A few years ago, the “hundred pushup challenge” began to trend online. At a time when gyms were opening on every corner and roping people into increasingly expensive and complicated workouts, there was a call to the simplicity of the pushup. Those who could rattle off 100 were proving they had a solid baseline of strength, endurance, and health. As I read about these challenges, it occurred that I had never really done any pushups. For some reason, they were not a part of my childhood gym classes or my summertime organized sports. So I dropped to the floor and did 10 or 12 before collapsing in a heap. I realized I was a long way from 100 and, according to that measure, a long way from health. I decided I’d try again the next day to see if I could improve to 15 or 20.
But if you’ve ever tried a challenge like this, you probably know what happened. About 12 hours later I began to feel some discomfort in my arms and chest. Twelve hours after that, I could barely lift my arms, not to mention use them for pushups. It turns out that it had been a long, long time since I had seriously exercised those muscles and they were reacting to the very sudden and very heavy loads I had placed on them. It took three or four days for me to begin to feel better and to be able to advance to 15 pushups, then 20, and eventually 50 or 100. I had to work the muscles over time so I could gradually improve their strength and endurance.
I’m sure you’ll breathe a sigh of relief when you learn that this article isn’t actually about working out—pretty much the most boring topic to read about on blogs or social media. My purpose in telling that story is to begin to build a metaphor, a point of comparison.
I spend a fair bit of my time interacting with teens and young adults, some of whom are my children, some of whom are friends, and some of whom are fellow church members or people I’m mentoring. As I express interest in them, talk with them, attempt to speak wisdom to them, and inquire how I can pray for them, I often hear them lament the difficulties of their lives. They are overwhelmed by the responsibilities of high school and a part-time job. They are worried about breaking down in the face of the three or four final exams that are coming up. They have been asked to complete a project on what they consider a tight deadline and can’t see how they’ll ever get it done. They feel like they’ve been pushed to the breaking point and are near collapse.

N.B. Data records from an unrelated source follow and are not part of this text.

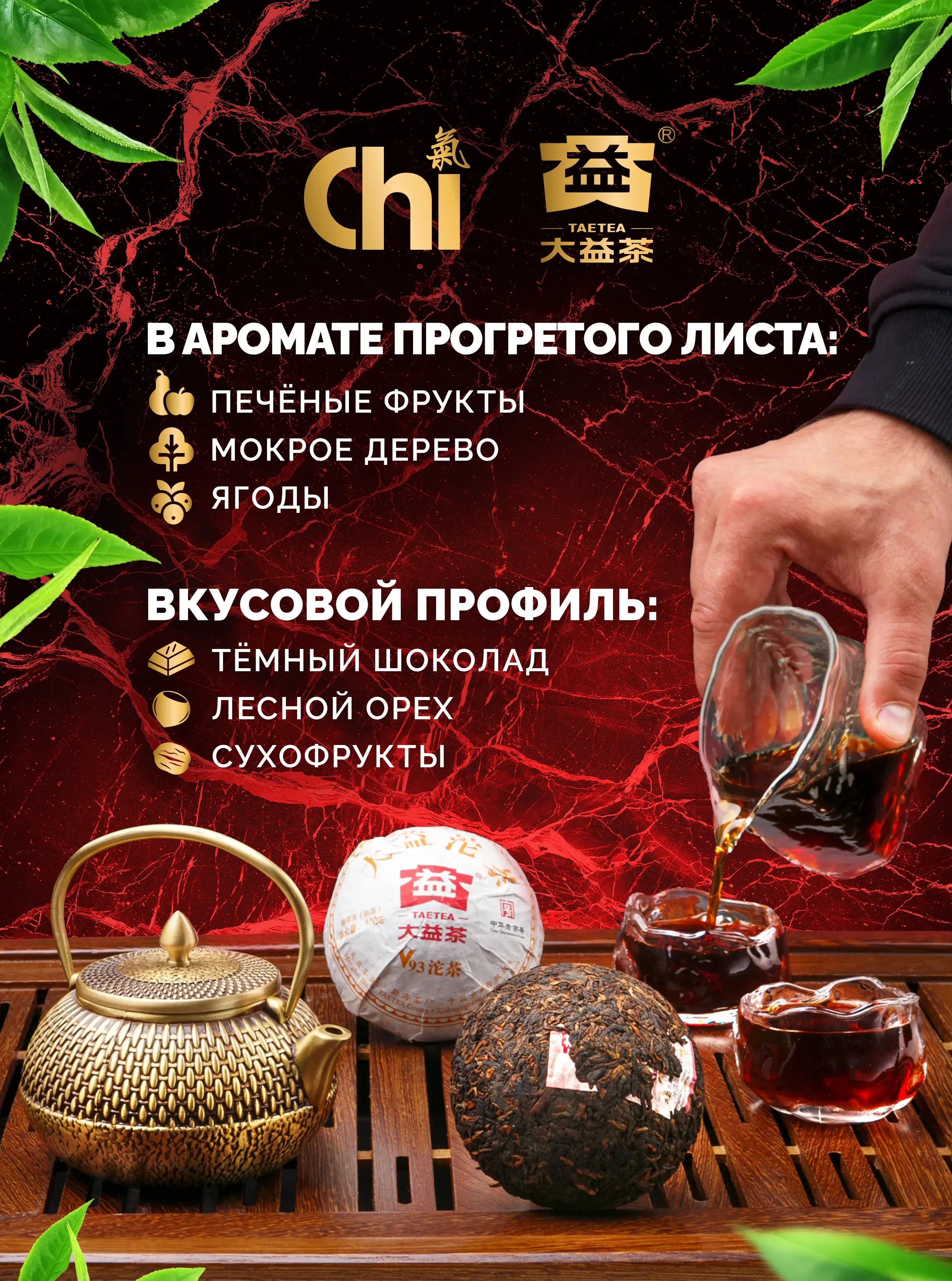 CHI is a premium Chinese tea brand from “Da Yi” factory (Dayi), founded in 1940 in Yunnan Province V93 — one of the most popular mass-produced shu puer recipes, pressed into “bird’s nest” (tocha) form Weight: 2 pcs of 93 g each, wrapped in traditional paper with 大益茶 hieroglyphs Aroma: baked fruits, wet wood, berries Taste: dark chocolate, hazelnut, dried fruits Available on Wildberries, Ozon, tea marketplaces
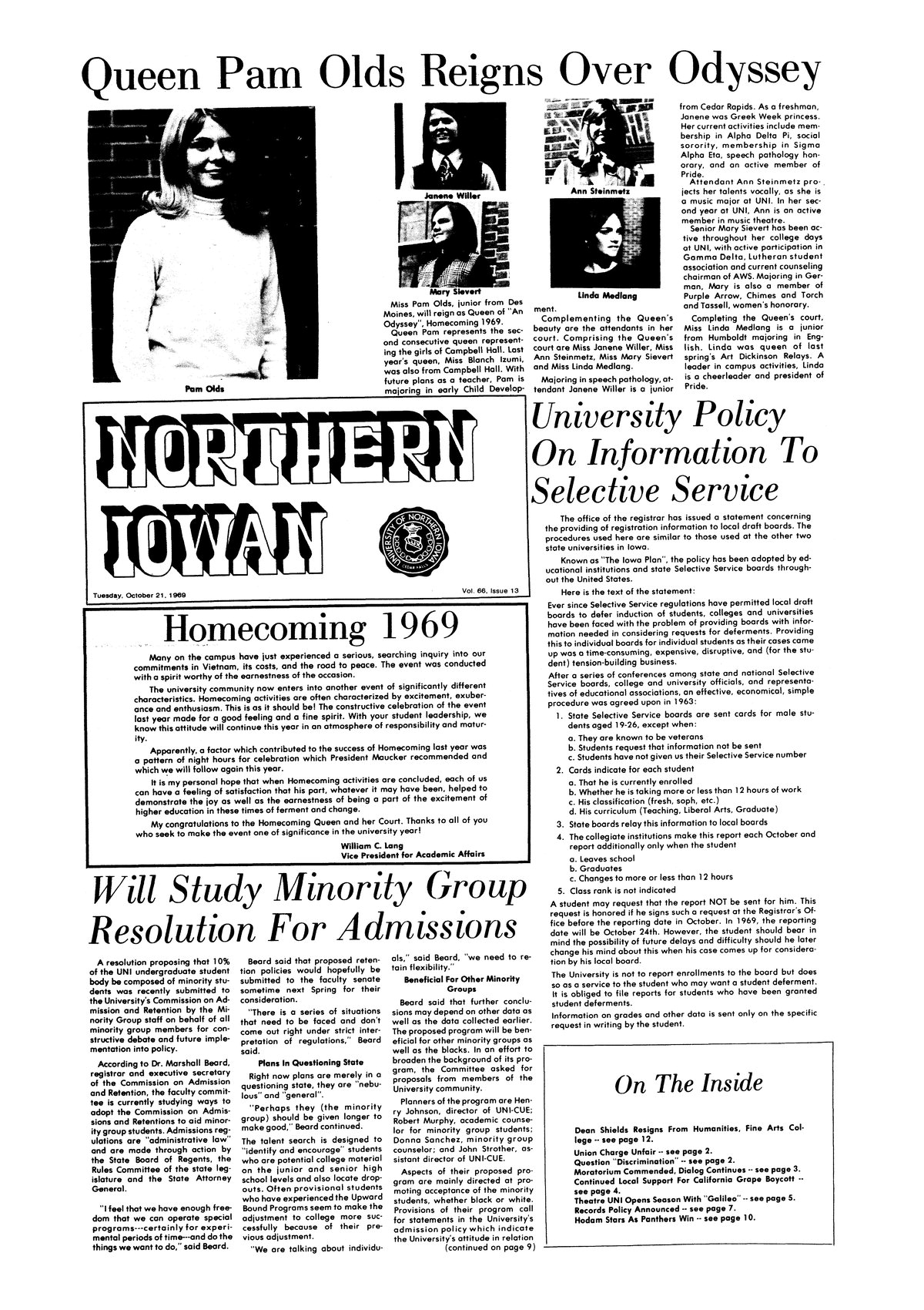 | Homecoming 1969 | Professor Lang hopes that students enjoy activities. |
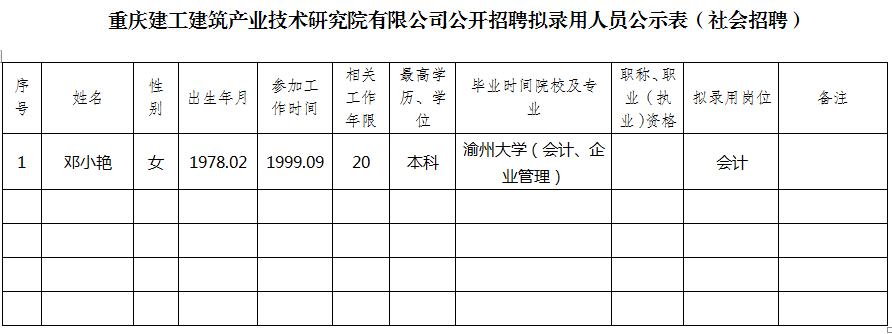 附件:伟德体育建筑产业技术研究院有限公司2020年公开招聘拟录人员公示表
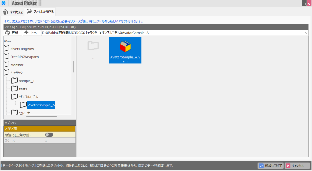 そうすると、追加するファイルを選択する画面が出てくるので、「VRoid Studio」から出力したVRM形式のファイルを選択して、右下にある「追加して終了」を押してください。
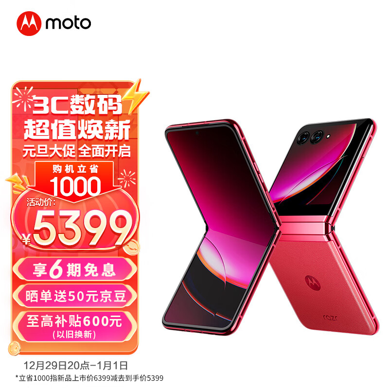 摩托罗拉moto razr 40 Ultra 掌心巨幕 外屏海量应用 无线充电 骁龙8+ 5G折叠屏旗舰手机 12GB+512GB非凡洋红价格:6399.00元!

I look at their lives, I hear their fears and sorrows, and I can’t help but believe they are being a little melodramatic. It’s easy to laugh off their lamentations as little more than whining. After all, with that era of life now well in my rearview mirror, I know what they don’t. I know that in all likelihood these high school years are going to prove the easiest of their lives—they’ll never have more free time or less responsibility than they do now. I know that their college years may be a struggle, but that those struggles will only deepen when they are working full-time and repaying student debt on an entry-level salary (while getting accustomed to being married and while desperately trying to get a baby to sleep through the night). They’ll never have more time to waste or less personal accountability than they do right now. I know how easy they’ve got it compared to what’s awaiting them.

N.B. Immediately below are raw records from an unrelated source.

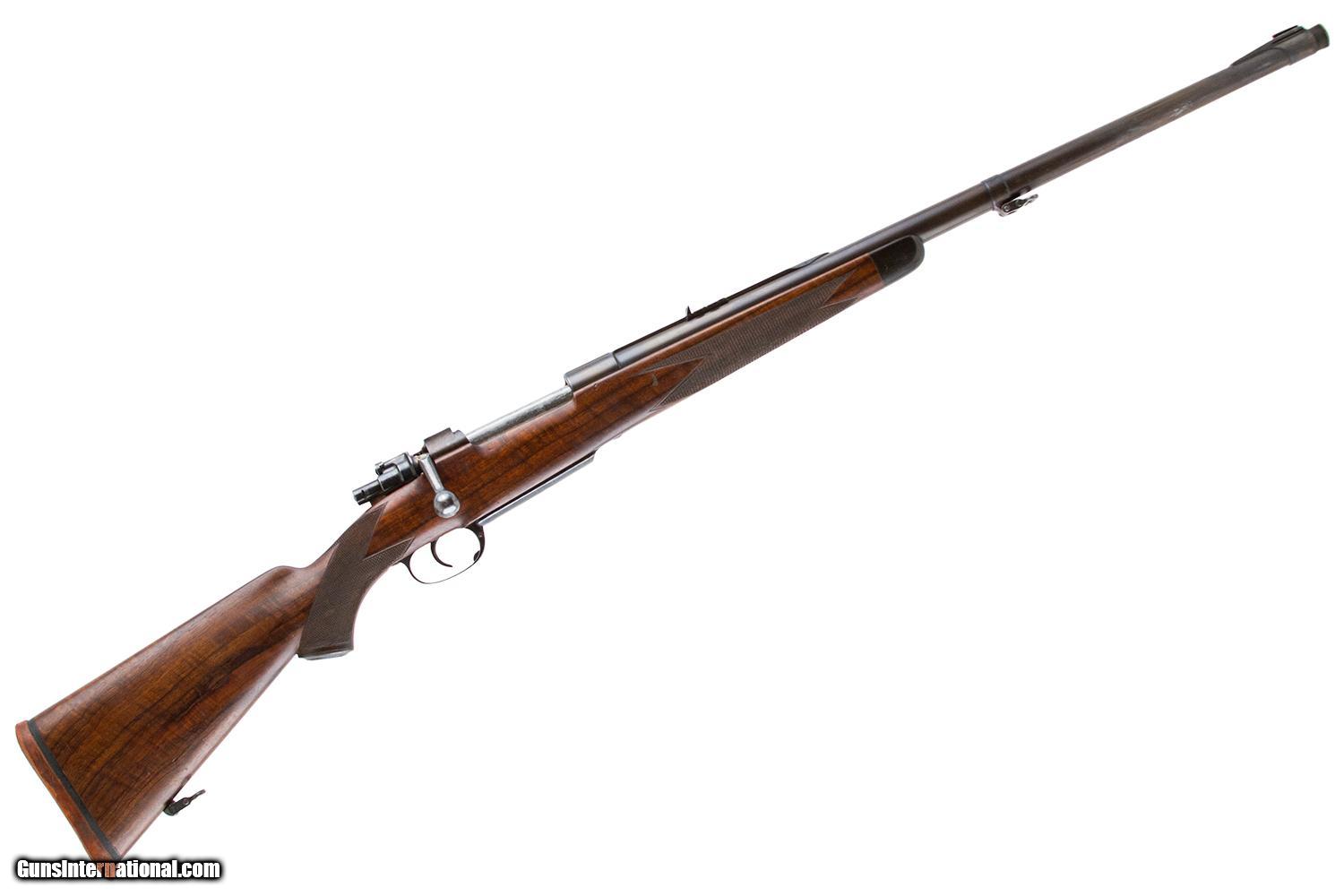 Description: #206 KORNBRATH ENGRAVED THIS RIFLE HAS BEEN TO AFRICA SEVERAL TIMES BUT HAS GOOD HONEST WEAR IT SHOWS BLUE WEAR AND HANDLING MARKS IN THE WOOD 26 1/2" BARREL WITH 1/4 RIB AND 1 STANDING AND 2 FOLDING SINGLE SQUARE BRIDGE MAGNUM MAUSER ACTION MECHANICALLY SOUND JEWELLED BOLT ORIGINAL SWIVELS 10LBS 2 OZ X 13 3/4 LOP SOLD |
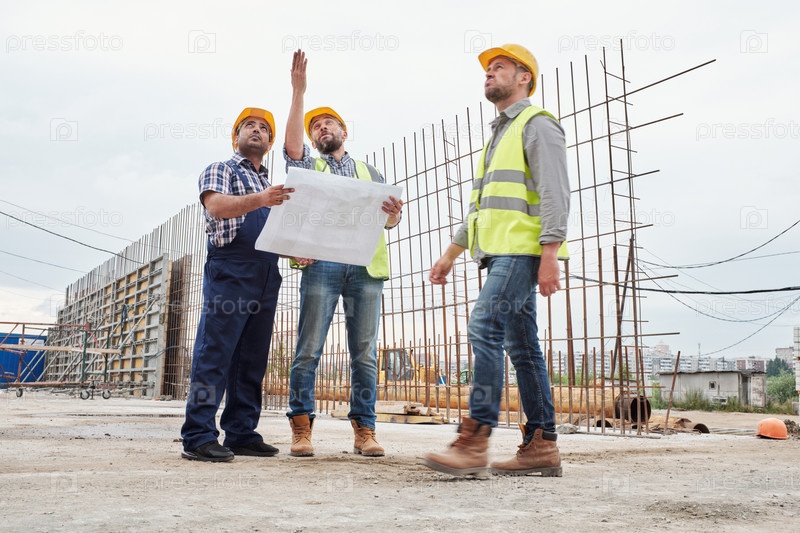 Три строителя обсуждают планы строительства на стройплощадке
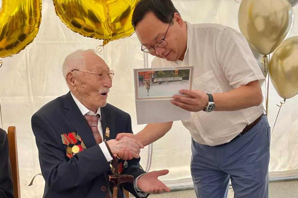 Также юбиляра поздравил Наум Трифонович Слепцов, участник Великой Отечественной войны, которому сейчас 101 год.
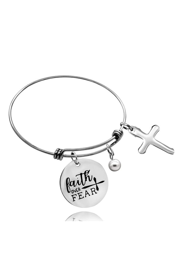 Stainless Steel Faith Over Fear Cuff Bangle Cross Pearl Charms Bracelet Christian Jewelry25 out of 5 Stars. 2 reviews
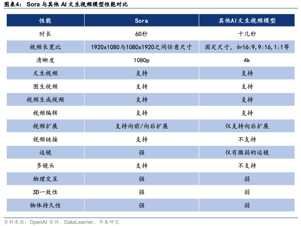然而,OpenAI的Sora直接将这个限制提升至60秒,且与Pika、Runway等之前的AI文生视频工具相比,Sora不仅具有完成视频向前扩展、视频拼接等更加复杂的任务的能力,还能通过多镜头等方式带来更加生动的多视角视频,同时在生成视频的时长、流畅度和逻辑性等方面优势显著。

But I also know that they are only just starting out in the “hundred pushup challenge” of life. The man who can bang out 100 pushups while barely breaking a sweat may look at me straining to complete 15 and have a good laugh at my expense. He may roll his eyes when he hears me groan about the pain in my arms and chest. But that doesn’t make the strain or pain any less real. To the contrary, the strain and pain are necessary to build the strength and endurance. This may not give me license to whine, but it also doesn’t mean I can’t truly feel the pain and admit that it hurts.

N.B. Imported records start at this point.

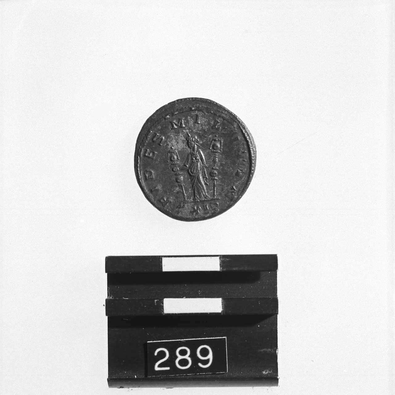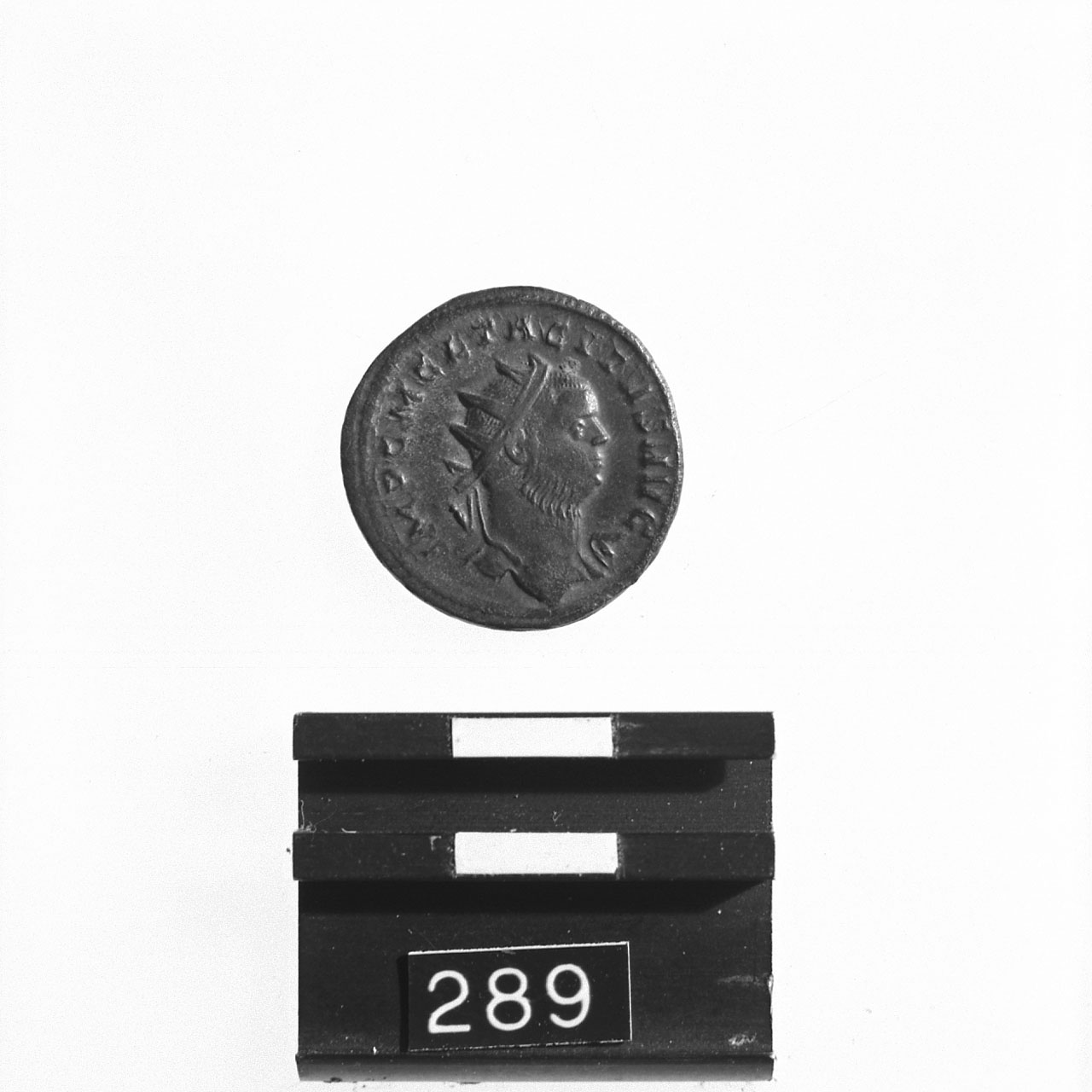 D/ IMP C M CL TACITVS AVG; busto radiato di Tacito a d. con drappeggio||sulla spalla s.; c.p. R/ FIDES MILITVM; Fides stante a s.||regge uno stendardo in ciascuna mano; sotto, XXIS (ultima lettera come||moneta n. cat. gen. 79655); c.p
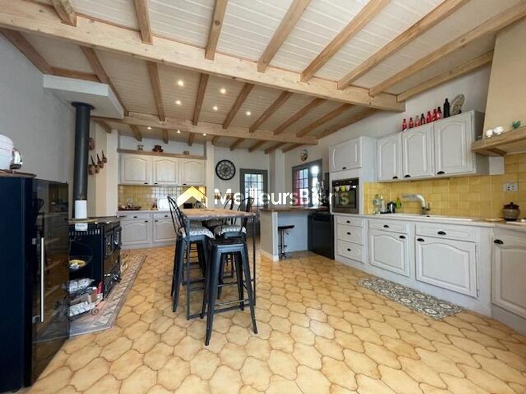 Découvrez cette belle maison de caractère de 6 pièces comprenant au rez-de-chaussée: une entrée, un séjour lumineux offrant un espace de vie agréable et convivial revêtu de carrelage, une belle cheminée foyer ouvert, une salle de bains, WC, une grande cuisine aménagée et équipée avec un fourneau Bouilleur (Poêle à bois) donnant sur une véranda chauffée.
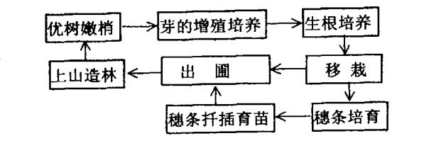 桉树优良无性系工厂化育苗主要以组织培养快速繁殖技术进行组培苗生产和以组培营养袋苗为母株建立采穗圃培育大量繁殖材料进行扦插育苗生产两部分。经对生产的各个环节进行总结筛选,将桉树优良无性系工厂化育苗生产流程概括为图1:
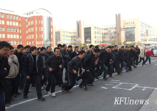 本站讯 为了活跃我校教职工文体活动,增强教职工身体素质,继续全面实施全民健身计划纲要,12月9日下午,校工会组织的全校教职工冬季越野赛在晋安路校区举行。全校教职工按年龄分为男子甲、乙组和女子甲、乙组。男、女甲组和男、女乙组分别从学校北门、南门出发。

And that’s how I try to relate to young people. I understand that so much of what they’re enduring now is “light and momentary” compared to what they’ll have to endure as life goes on and as their lives grow more difficult and more complex. But I also know I have no right to downplay it. What they are going through is real and painful. They’re not whining, but simply grappling with the uncomfortable realization that life is difficult and, as time passes, only gets more difficult. It’s wrong of me to make light of their little sorrows by comparing them to their future greater sorrows. It’s right of me to support them as they build the strength and endurance that will carry them into and through the trials to come.